A recent poll by the National Sleep Foundation found that 59 percent of middle schoolers and 87 percent of high school students in the United States were getting less than the recommended 8.5 to 9.5 hours of sleep on school nights. In fact, most high school seniors were getting less than 7 hours of sleep per night on average.
Among other important jobs our bodies do during sleep, we release growth hormone that could become insufficient if a child doesn’t sleep enough, which can lead to developmental issues. As Lockley puts it, “Sleep is essential and should be the highest priority for children and adolescents.
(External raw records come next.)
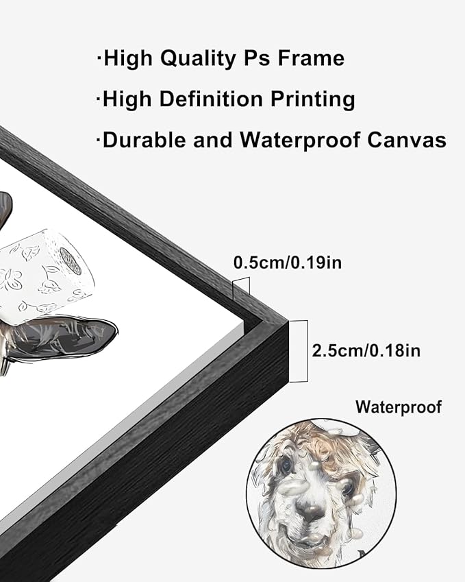 - 【Premium Materials】 Immerse yourself in the superior craftsmanship of this high-quality framed canvas wall art. Printed on premium canvas and using the finest fade-resistant ink with a waterproof film on it to ensure the colors stay vibrant and lasting. And each bathroom painting for wall decor is stretched tightly over a wooden frame, ensuring the canvas is stretched and does not buckle. We insist on using the best materials and workmanship to ensure its durability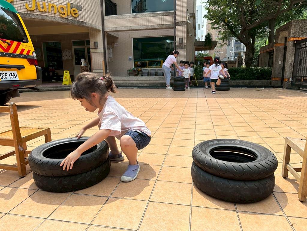 分組進行搬運輪胎並堆疊一起不倒下就過關
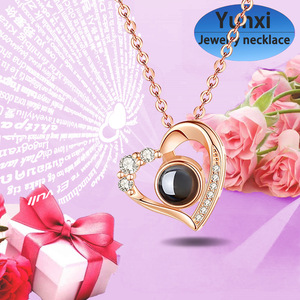 俄罗斯跨境100种语言投影石吊坠锁骨链时尚nis风ozon热卖桃心项链
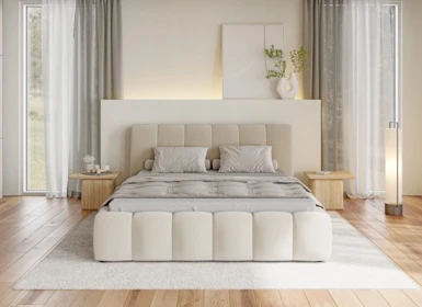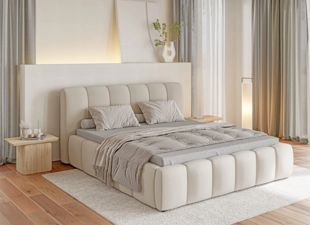Čalouněná postel Lunda zaujme již na první pohled svými jemnými liniemi. Působí velice elegantně a do interiéru vnáší vzácný pocit klidu a pohodlí. Charakteristickým prvkem je vertikální dekorativní prošití na čalouněném čele, které se opakuje také na rámu postele a vytváří tak jednotný design. Díky čistým liniím a nadčasovému provedení se postel skvěle hodí do moderních i klasicky laděných interiérů. Praktickou stránku doplňuje možnost nastavení výšky ložné plochy, takže si postel snadno přizpůsobíte svým potřebám.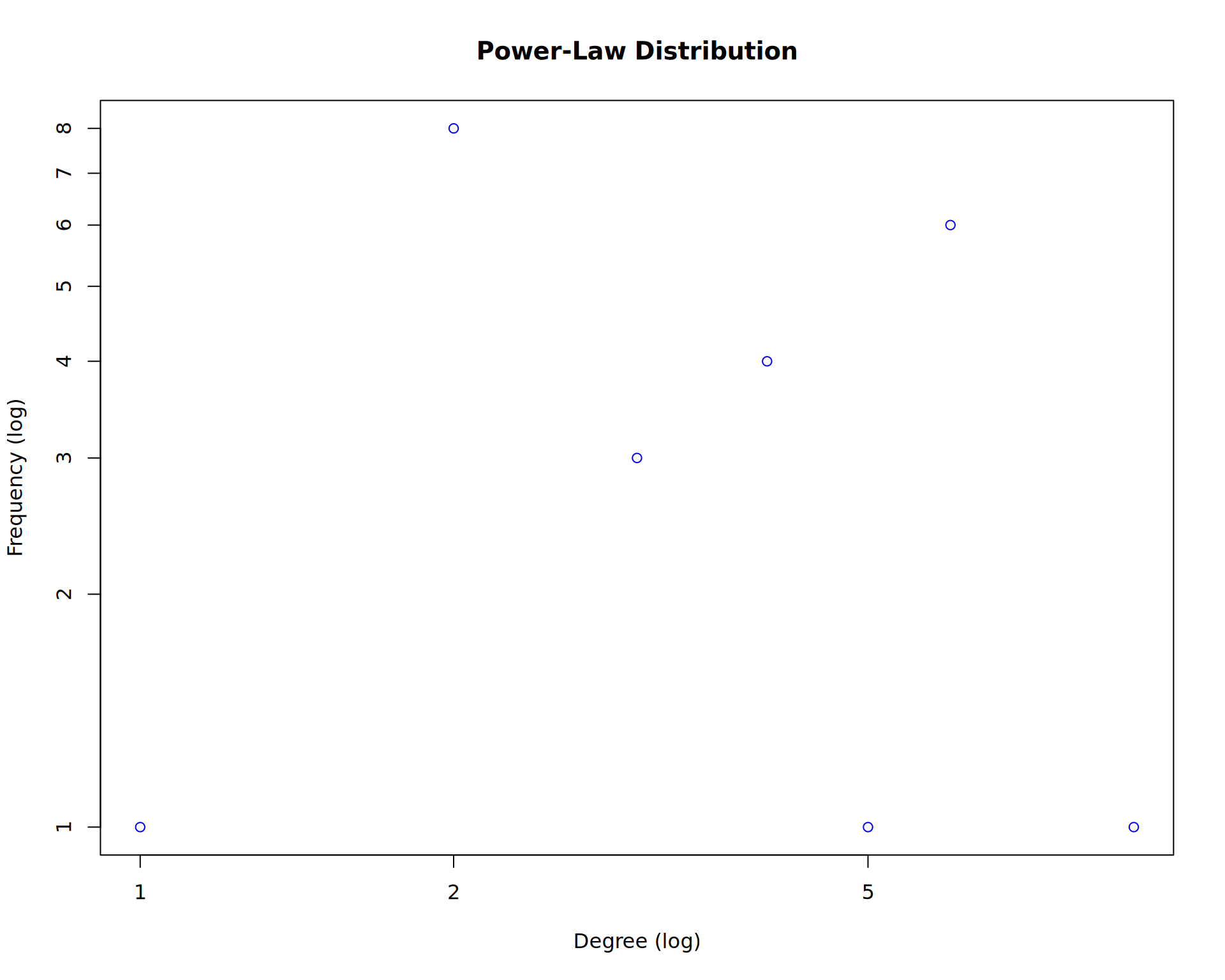 xlab="Degree (log)", ylab="Frequency (log)", main="Power-Law Distribution")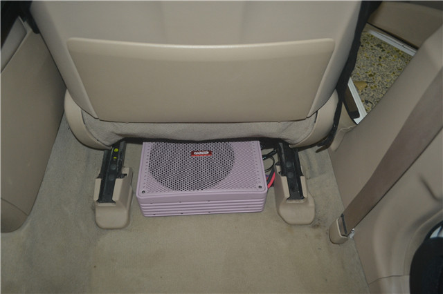 爱威V6超低音单元安装在汽车座椅底下
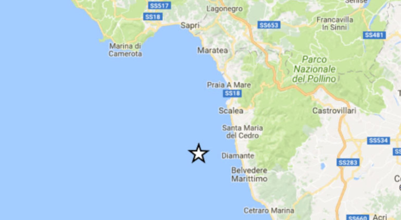 Una lieve scossa di terremoto di magnitudo 3.1 è stata registrata in mare, nelle acque antistanti Belvedere Marittimo
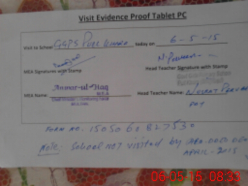 | Remarks (Use Separate Page if Required): School not visited by distt administration in april 2015 | |||||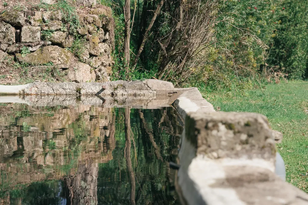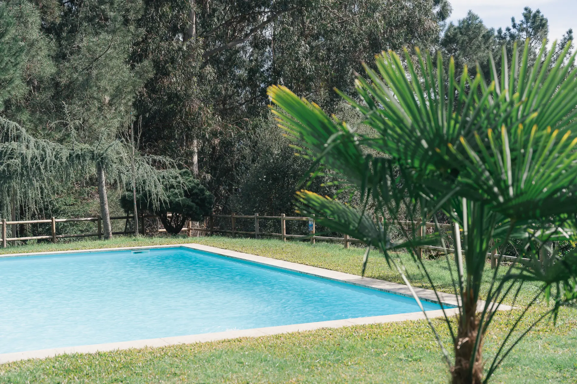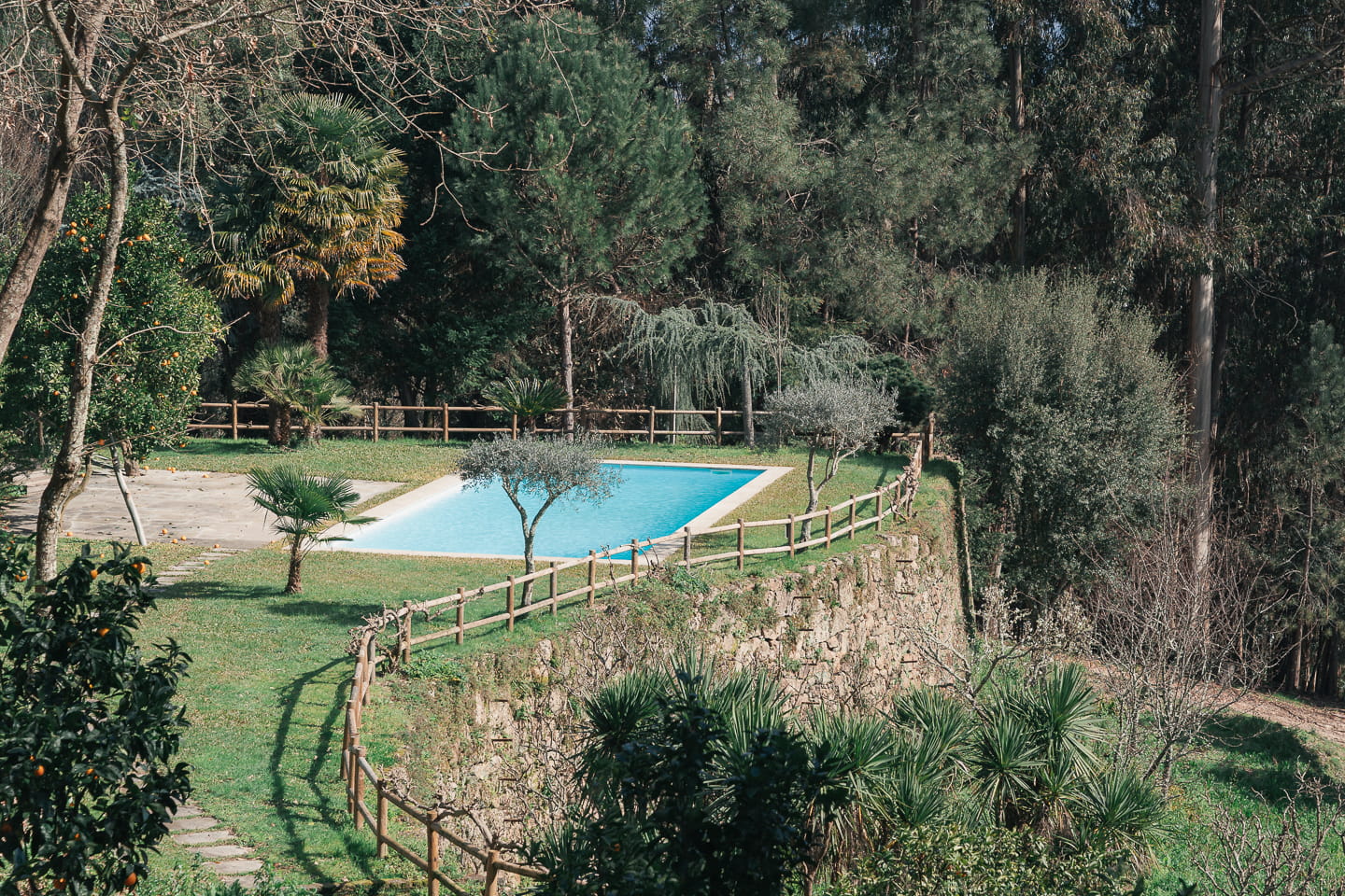 Uma piscina de água salgada no coração da quinta, com a floresta como pano de fundo. Sem regras de horário, a piscina é da quinta, e a quinta é sua durante a estadia.

Schedule sleep first and then everything else around it.”
6 tips for getting kids to sleep more
Whether or not you live in a place where schools are pushing back their start times, you can watch out for other contributors to sleep deprivation in your household such as:
- electronic device use
- caffeine use
Following these steps can help your kids get more sleep at night, which leads to better performance in school, and increased physical and mental wellbeing:
- Plan your routine together. A consistent bedtime routine is key for getting enough sleep at night. Establishing a nighttime ritual together helps your kids feel some control over the process, which will make them more likely to cooperate. Sit down together and talk through all of the things that you think should be a part of their bedtime routine, and write them down. You can use a chart with pictures for kids who are non-readers.
- Stick to the plan. The routine works best if you stick to it seven days a week — even on weekends and holidays! Ideally, kids should go to bed and wake up at the same time every day, give or take an hour. Letting kids stay up later and sleep in on weekends can be tempting, but it sends mixed signals to their brains about when is an appropriate time to wind down for the night.
- Improve their sleep space. Make sure their environment is conducive to good sleep. Their bedroom should be very dark, quiet, and comfortably cool. White noise machines and fans can help drown out any outside noise that might disturb their sleep.
- Capitalize on their wakeful hours. Encourage lots of physical activity and healthy meals during the daytime to prepare their bodies for a restful nighttime. Be especially mindful of how they spend the couple of hours right before bedtime — putting away screens and avoiding any sugar or caffeine.
- Build in time to connect. Kids may get riled up at bedtime in part because they’re wanting more attention and connection from their caregivers. It’s also possible that kids who spend all day at home with a caregiver may feel dependent on that person for extra comfort when they’re anxious. Regardless of the reason, building in some time to reconnect during their bedtime routine can help settle them down before going to sleep. This can look like a bedtime story, snuggling on the couch for five minutes, or just catching up about their day.
- Reward the right behavior. Rather than punishing kids for getting up from their beds or playing after lights out, start a system for rewarding the behavior you want to see. For younger kids, this could be a sticker chart with a reward for staying in bed for seven nights in a row. For older kids, you can try rewarding them for sticking to screen time limits at night.